Achong Colleen, Chowdhury Tutul, Mustafa Fareeza, Smith David, Moussouris Harry
Internal Medicine, One Brooklyn Health, New York, USA.
Internal Medicine, Interfaith Medical Center, New York, USA.
Cureus. 2023 Aug 22;15(8):e43944. doi: 10.7759/cureus.43944. eCollection 2023 Aug.

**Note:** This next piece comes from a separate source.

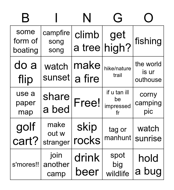 This bingo card has a free space and 24 words: make out w stranger, join another camp, make a fire, s'mores!!, fishing, some form of boating, do a flip, campfire song song, if u tan ill be impressed fr, skip rocks, hike/nature trail, use a paper map, tag or manhunt, watch sunrise, watch sunset, spot big wildlife, corny camping pic, climb a tree, the world is ur outhouse, share a bed, hold a bug, golf cart?, get high? and drink beer.
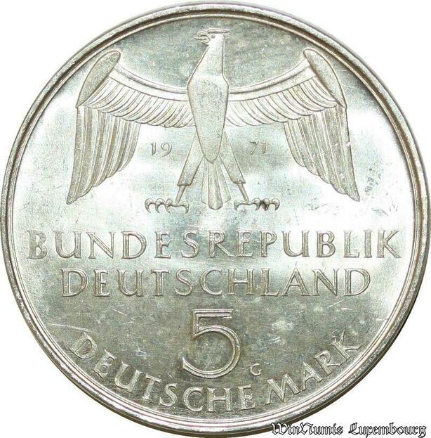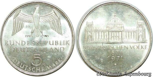 S1932 Germany 5 Deutsche Mark Bundesrepublik Deutschland Dem Volke 1971 G Silver SPL

Bullous impetigo leading to streptococcal toxic shock syndrome (STSS) immune activation and massive cytokine release is a rare condition. It has a significant mortality rate, which calls for quick diagnosis, early suspicion, and integrated treatment. Herein, we discuss the case of a 66-year-old man who underwent evaluation for leg swelling before quickly going into shock and experiencing respiratory failure, which necessitated invasive mechanical intubation. was identified by blood culture, and STSS was identified. Recommended antibiotics, intravenous (IV) immunoglobulin, and fluids made up the treatment regimen. In this case, the streptococcal infection deteriorated very quickly, and there was a rare relationship with bullous impetigo, which led to shock and respiratory failure. This case sheds lights on the need of having an early suspicion of this syndrome when a diabetic patient develops a skin lesion. A prompt diagnosis is necessary.
大疱性脓疱疮导致链球菌中毒性休克综合征(STSS)免疫激活和大量细胞因子释放是一种罕见病症。其死亡率很高,需要快速诊断、早期怀疑和综合治疗。在此,我们讨论一例66岁男性病例,该患者在迅速休克并出现呼吸衰竭之前接受了腿部肿胀评估,这需要进行有创机械通气。通过血培养确诊,诊断为STSS。治疗方案包括推荐使用的抗生素、静脉注射免疫球蛋白和补液。在该病例中,链球菌感染恶化非常迅速,且与大疱性脓疱疮存在罕见关联,导致休克和呼吸衰竭。该病例揭示了当糖尿病患者出现皮肤病变时早期怀疑这种综合征的必要性。必须迅速做出诊断。